• **Activity**
The answer must consist solely of the lines from the line with "Zestaw 37 gumowych" to the end of the data below, transcribed exactly and with no pictures.

• **Recorded data**

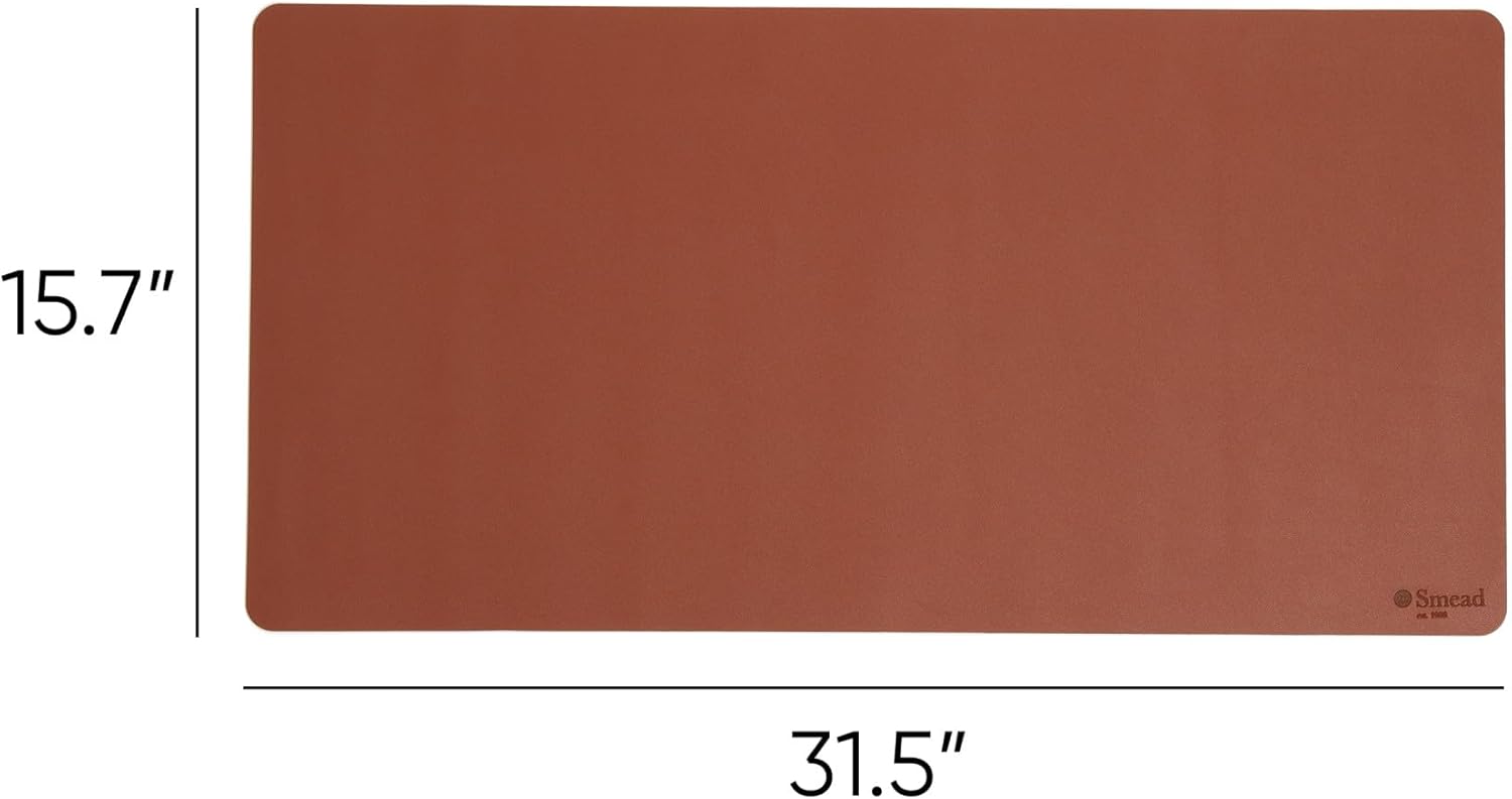 Smead Desk Pad, Vegan Leather Desk Mat with Non-Slip Faux Suede Backing, Perfect Desk Organizer for Office Decor, 31.5” x 15.7” Medium, Saddle (64832)
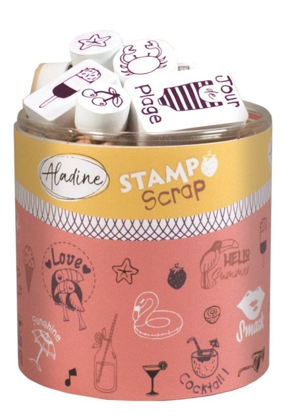 Zestaw 37 gumowych stempelków. W zestawie dodatkowo jedna gąbeczka z czarnym tuszem 2,4x2,4 cm. Wymiary zestawu D: 9 cm, H: 9,5 cm.
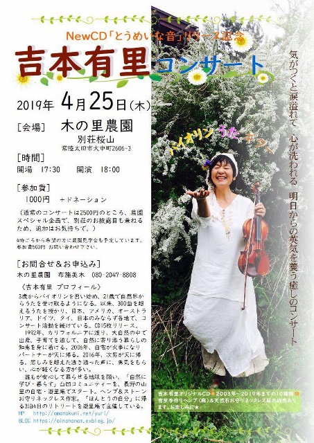 | 4月27日(土) | 東京 | 東京都青梅市 吉本有里コンサートNewCD「とうめいな音」リリース記念 ■会場 ひだまりの郷 東京都青梅市成木2-467 ■時間 午後から ■お申込み&お問合せ blueberry-jam.2525.k@docomo.ne.jp(清水敬子) sakanachan-nori46@ezweb.ne.jp(徳子さん) |
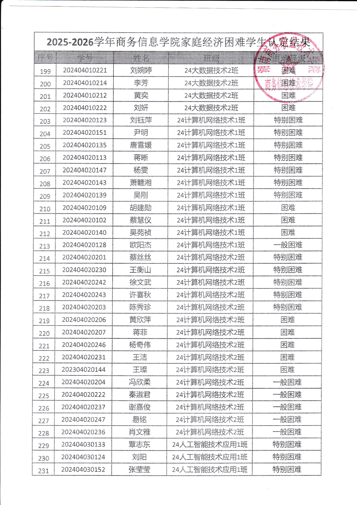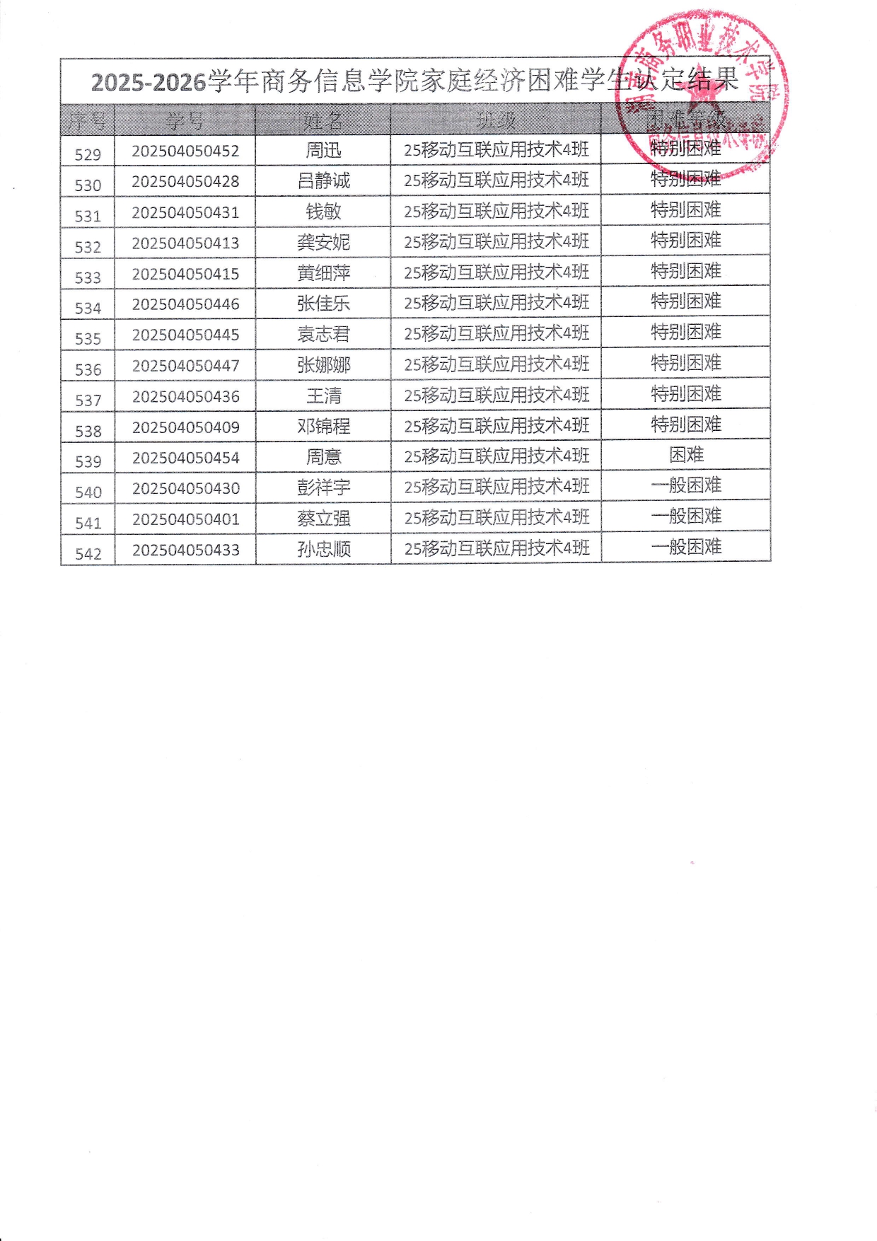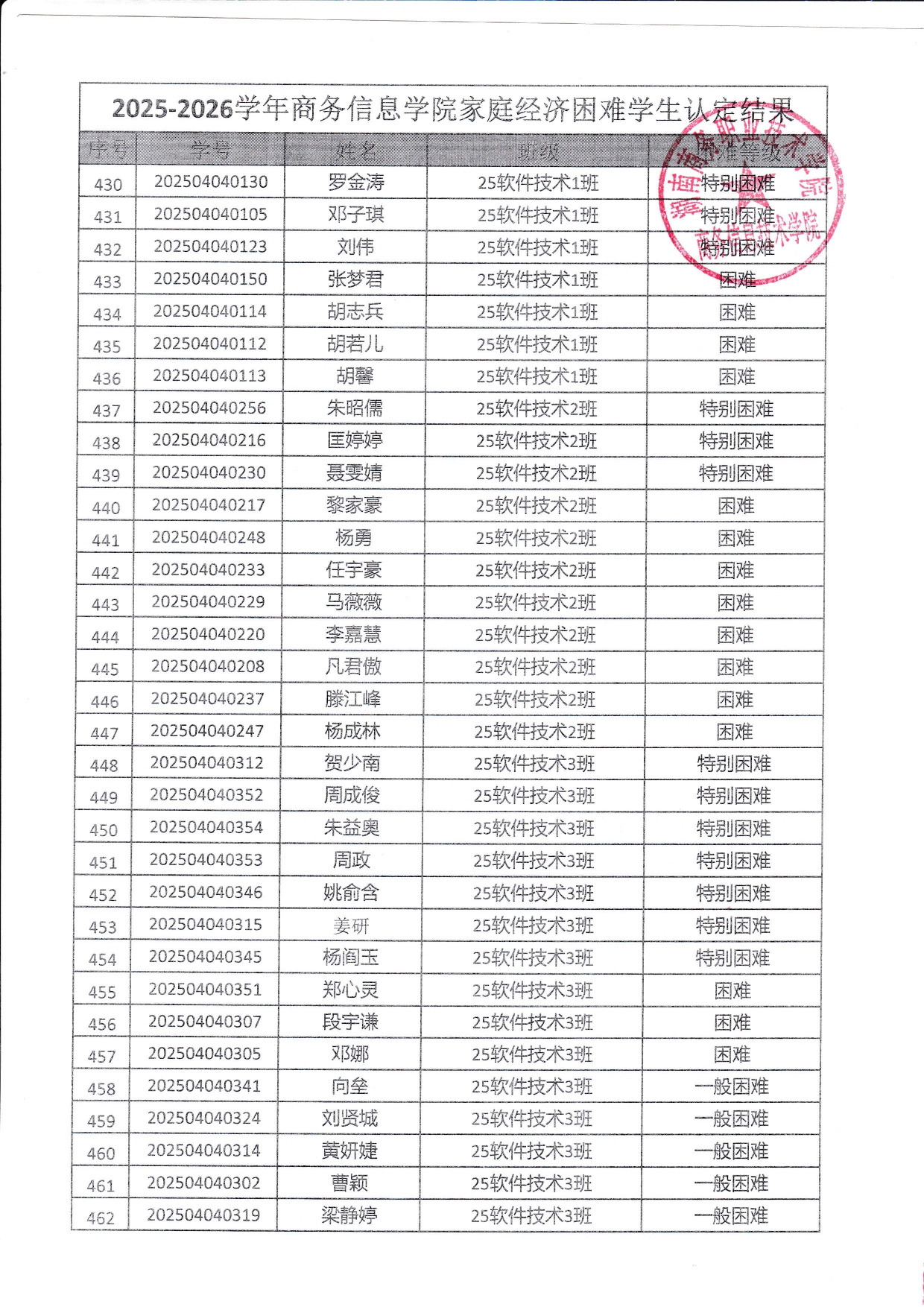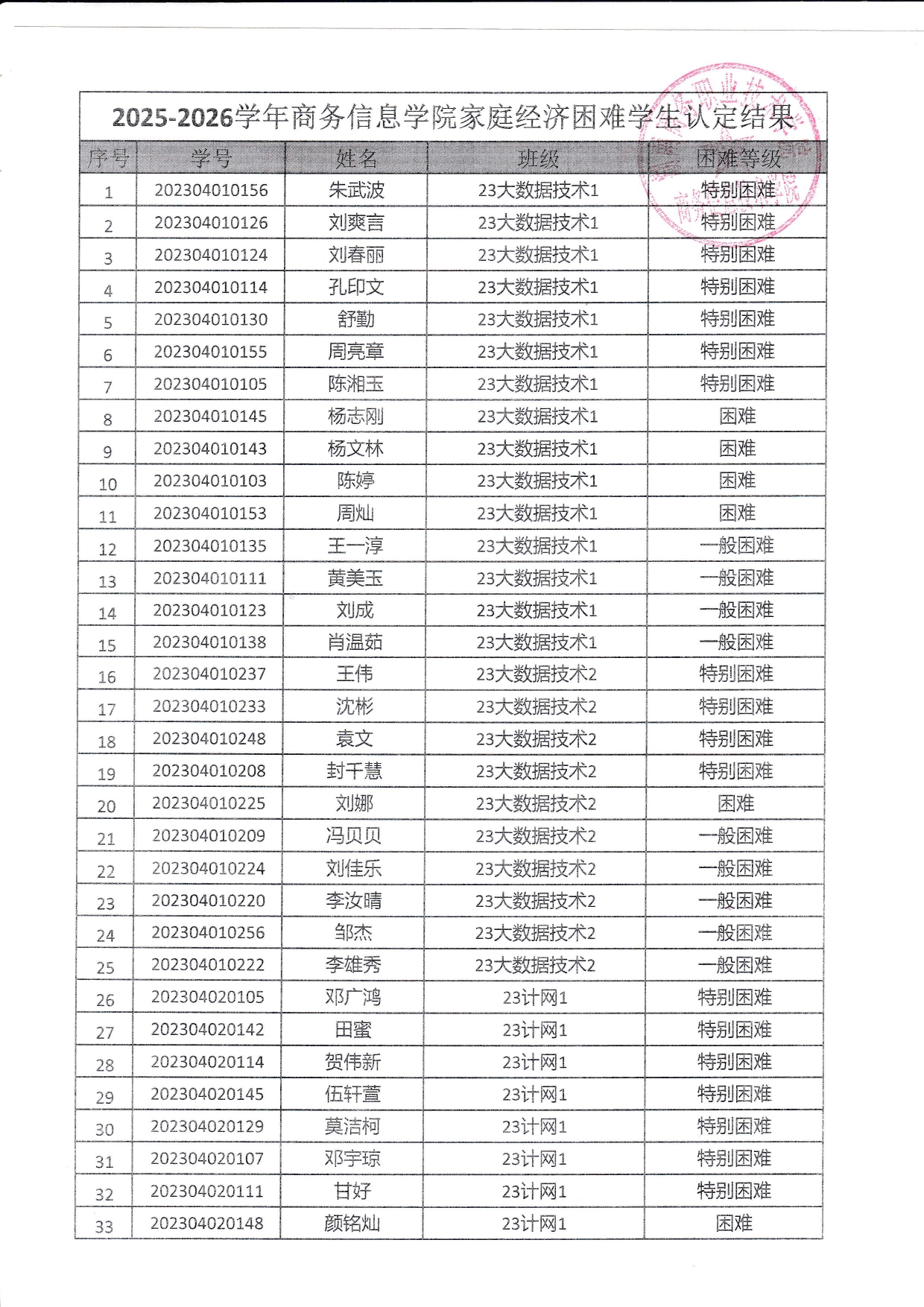 关于商务信息技术学院2025-2026学年 家庭经济困难学生认定结果的公示

• **Your response**
 Zestaw 37 gumowych stempelków. W zestawie dodatkowo jedna gąbeczka z czarnym tuszem 2,4x2,4 cm. Wymiary zestawu D: 9 cm, H: 9,5 cm.
 | 4月27日(土) | 東京 | 東京都青梅市 吉本有里コンサートNewCD「とうめいな音」リリース記念 ■会場 ひだまりの郷 東京都青梅市成木2-467 ■時間 午後から ■お申込み&お問合せ blueberry-jam.2525.k@docomo.ne.jp(清水敬子) sakanachan-nori46@ezweb.ne.jp(徳子さん) |
 关于商务信息技术学院2025-2026学年 家庭经济困难学生认定结果的公示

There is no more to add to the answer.